Under the dynamic leadership of Foundation Presidents George W. Denton (Missouri, Alpha Nu ‘42) and Joseph J. Turner, Jr. (Clemson, Eta Alpha ’70), Fraternity National President Gary E. Menchhofer (Cincinnati, Alpha Xi ‘65) and Executive Vice President Raymond L. Orians (Memphis, Delta Zeta ’66), the Pi Kappa Alpha Memorial Foundation again answered the call and in under two years delivered to the Fraternity a new, magnificent facility architecturally inspired by Thomas Jefferson’s own Monticello. On August 15, 1988, in conjunction with the 1988 Memphis Convention, nearly 1,000 students, alumni, and guests participated in ceremonies dedicating the new Pi Kappa Alpha Memorial Headquarters located in the Tournament Players Club – Southwind development in southeast Memphis.

With access to literally twice the square footage of the previous headquarters facility, the Fraternity could now more than comfortably accommodate its rapidly growing staff for the foreseeable future, and the Foundation could dramatically enhance its museum exhibit space and archival storage capacity.

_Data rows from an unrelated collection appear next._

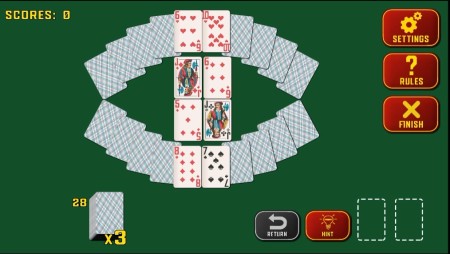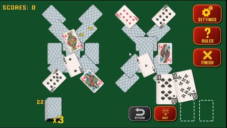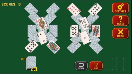 ゲームは、テーブルに並べられたトランプのカードから同じ数字のカードを見つけてカードを消し、すべてのカードを消してレベルをクリアしていくソリティアです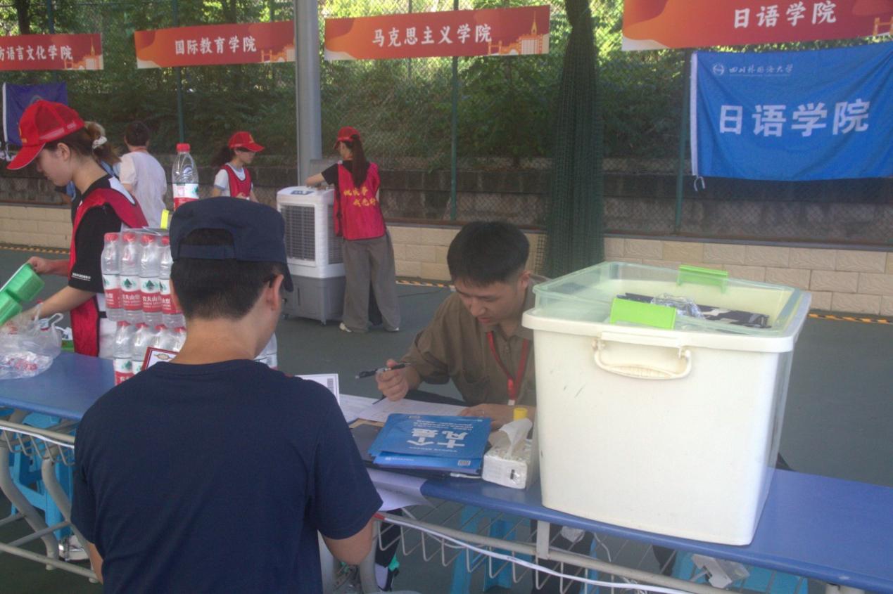 在迎新期间,学校邹渝书记、董洪川校长、卢波副校长、严功军副校长等多位校领导来到日语学院东区迎新点,为迎新志愿者同学们仔细指出了迎新工作所需要注意的事项,并对在炎热天气下进行迎新工作的志愿者师生们、家长们进行了慰问。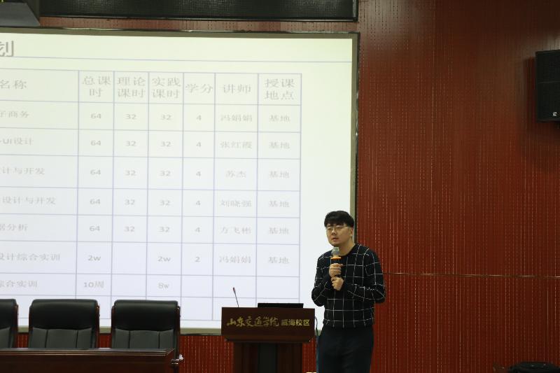 首先,由青岛青软实训教育科技股份有限公司韩涛总经理讲述赴企业学习阶段教学工作安排,他简单介绍了青岛基地的情况以及同学们的学期目标,分析了同学们赴企业学习的优势,强调了从电商专业发展趋势,理论学习与实践学习的重要性,也分析了同学们的就业情况。最后,孙龙老师作总结,表达了同学们赴企业学习的决心,希望同学们能够在新的学习环境中学会适应与改变,为学院争光。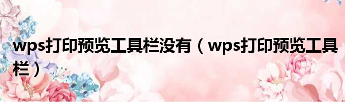 大家好,今天小六子来为大家解答以下的问题,关于wps打印预览工具栏没有,wps打印预览工具栏这个很多人还不知道,现在让我们一起来看看吧!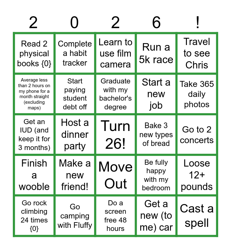 This bingo card has a free space and 24 words: Make a new friend!, Go camping with Fluffy, Graduate with my bachelor's degree, Go rock climbing 24 times {0}, Travel to see Chris, Read 2 physical books {0}, Average less than 2 hours on my phone for a month straight (excluding maps), Complete a habit tracker, Bake 3 new types of bread, Move Out, Start a new job, Get an IUD (and keep it for 3 months), Be fully happy with my bedroom, Loose 12+ pounds, Start paying student debt off, Get a new (to me) car, Go to 2 concerts, Learn to use film camera, Take 365 daily photos, Host a dinner party, Cast a spell, Finish a wooble, Run a 5k race and Do a screen free 48 hours.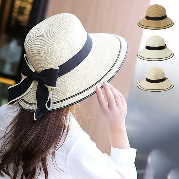 ストローハット 麦わら帽子 ツバ広 リボン付き 帽子 ハット レディース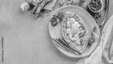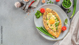 Khachapuri with egg on light background. Georgian cuisine. top view. copy space for text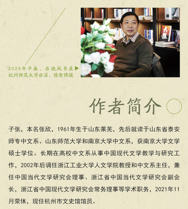 子张,本名张欣,1961年生于山东莱芜,先后就读于山东省泰安师专中文系、山东师范大学和南京大学中文系,获南京大学文学硕士学位。长期在高校中文系从事中国现代文学教学与研究工作,2002年后调任浙江工业大学人文学院教授和中文系主任,兼任中国当代文学研究会理事、浙江省中国当代文学研究会副会长,浙江省中国现代文学研究会常务理事等学术职务,2021年11月荣休,现任杭州市文史馆馆员。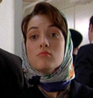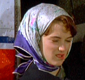Later, at Memphis Airport. It's also a Kelly head-wrap, but tied differently (of course, she wouldn't have worn it during the plane ride, even though I'd gladly pay to see 8 straight hours of Winona wearing and re-tying that scarf). It's a nice-looking tie, tight around the neck, the ends fluttering, pulled slightly forward with the scarf rolled back at the cheeks, and the tail end almost free.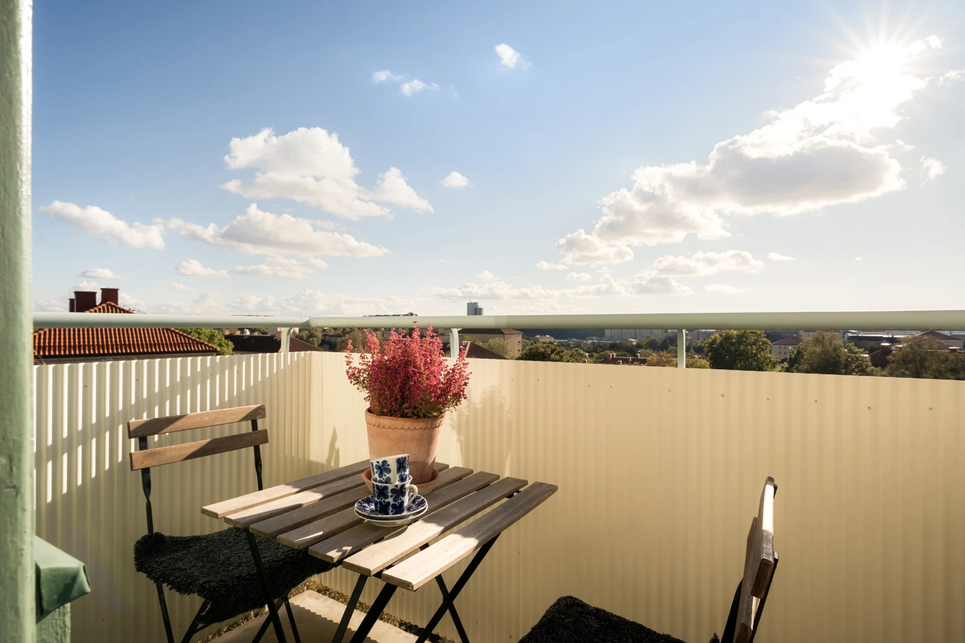 Hörnetta med ljuvlig utsikt & solig balkong högst upp i huset!

Exactly twenty years later, in 2008, the Pi Kappa Alpha Foundation would further acknowledge its mission in honoring Pi Kappa Alpha’s military heroes through the addition of an inspiring, freestanding memorial most prominently placed at the center of the Memorial Headquarters’ magnificent entry rotunda.

Most generously underwritten by George W. Levert (Louisiana Tech, Gamma Psi ’65) and his wife Dale, John L. Lisher (Indiana, Delta Xi ’71) and his wife Mary, Daniel W. Corah (Colorado State, Epsilon Theta ’83) and Dr. Carl ‘Trey’ LaBella (Delta State, Zeta Beta ’94), the Gold Star Memorial, solemnly listing the names of more than 600 Pikes who paid the ultimate sacrifice, is the first thing visitors encounter upon entering the Memorial Headquarters, appropriately anchoring the facility in its most primary role as a lasting memorial to these heroes.